Susannah opened her mouth to say something and then
thought better of it, Alex could tell. Susannah had a second shot. ‘I just think your father was desperate to blame somebody for what happened at the river. And Finn fit the bill. I’ll never forget that day, when Finn came home. Eighteen years old and he cried himself to sleep that night like a little boy.’

Alex set her mug down and stared into it. ‘Finn didn’t deserve to be treated the way he was. I tried to explain to my dad, Susannah. But he saw us both covered in nettle rash, he thought—’

‘I know what he thought, Alex. And he was wrong. He was wrong to throw those sorts of accusations at the two of you.’ Susannah’s expression was deadly serious. ‘I wanted your father strung up for what he did to my son on your front lawn, but it was Finn who wouldn’t press charges.’

That didn’t surprise Alex one bit.

‘Your father had no idea what an effect Dillon’s accident had on Finn.

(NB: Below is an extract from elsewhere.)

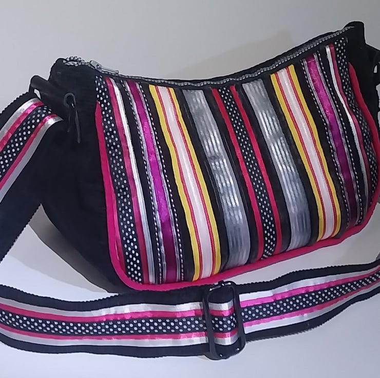 The Back is deep piled velvet but this has been overlaid with bright satin ribbons of varied colours to fit with the front panel.

Your mother did but then Blythe is a calmer, gentler soul. She knew about Finn’s nightmares. I used to find him wet with sweat some nights. We’d go for months and then another would hit.’

‘I’m sorry, Susannah. I didn’t know.’ Finn had never told her. Jem had suffered nightmares afterwards too. Their mum had taken her off to a psychologist because of her sleep problems. Alex felt a searing pain in her chest. The ripples of that summer afternoon were endless. ‘I’m sorry, Susannah,’ she said again.

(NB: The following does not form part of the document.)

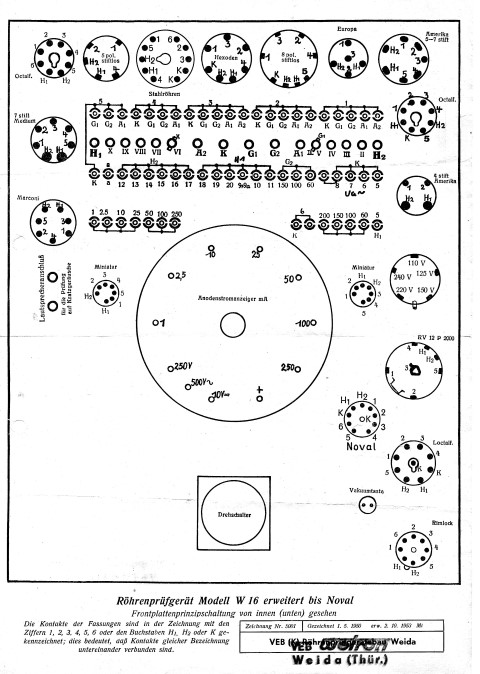 Um mich kurz zufassen, im Laufe der Jahre habe ich mich intensiv mit dem W16 beschäftigt und einige „Verbesserungen“ angebracht. Andere werden sagen, die Kiste wurde schwer „verbastelt“ ( oh je, der Wiederverkaufswert?). Wie dem auch sei, mit meinem RPG von 1938 kann ich praktisch die meisten Radio- oder TV-Röhren testen, selbst so komische Typen wie PD500, 6BN6 oder Nuvistoren. Klar, mit entsprechenden Zwischensockel und Emissionswerte, die von neuwertigen Röhren ermittelt wurden zur gut – noch brauchbar – unbrauchbar Beurteilung.

Susannah was watching her intently across the counter
top. ‘I know you are, Alex. Everyone in this town knows you are, sweetheart. You could go and get yourself one of those golden flags with the dragons’ heads off Eilidh high street wave it in the air, and shout how sorry you are, and it wouldn’t be any more obvious than it already is just looking at you. But you’ve got to let it go now, my darling girl. Before there’s nothing left of you except for how sorry you are.’